The playwright crafted a wonderful set of characters, making many of these figures vividly alive and individual, rather than the cut-out figures one so often sees.  So thus the tragedy becomes personal rather than abstract.  It isn't about a battle or a dynasty or the failure even of a noble dream.  Rather, it is about guilt and personal loss.  About human beings who make choices which in hindsight seem so full of horror, yet at the time feel and felt totally justified, even maybe wise.

How such a story comes to be told, proves as important as events.

Using the magic of her family, of her mother and grandmothers, of her aunts and great grand mothers, Clarissant allows the past to come back and spill into the present.  The characters are many, with the five brothers taking on many roles, including Guenevere and Lancelot, King Arthur and even Morgause herself.  This means (in this production certainly, although it might easily be part of the script) an all female cast.  A nice emphasis on the idea of seeing the history through a different set of eyes.

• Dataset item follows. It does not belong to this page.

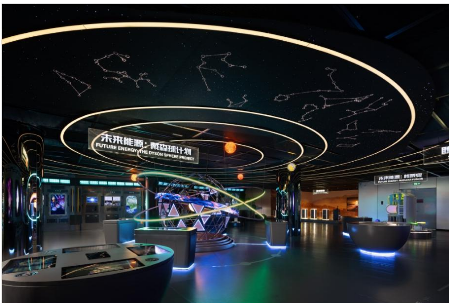
平顶山市文化传承与实践教育基地

And I cannot emphasize enough how director Allison Darby Gorjian and the whole cast so wonderfully meet their challenges.  Every single character displays a startling range of nuance, conveyed in an array of body languages, voices, sometimes costume but mostly via intention.  As a result even when one actor plays two knights we know which is which within seconds, sometimes less.

All of this in service to a story, a personal quest not for a grail or some magic sword, but for something less tangible, yet more obviously useful.  A young woman of great intelligence finds herself seated on her homeland's throne.  What she needs most is some clue what do there.

Well, do we not all desire as much?  Is that not what myth and legend is all about?

All performances of Clarissant are pay-what-you-can.

Performances are Thursdays, Fridays and Saturdays at 8pm, Sundays at 2pm, at the Atwater Village Theatre 3269 Casitas Avenue, Los Angeles 90039.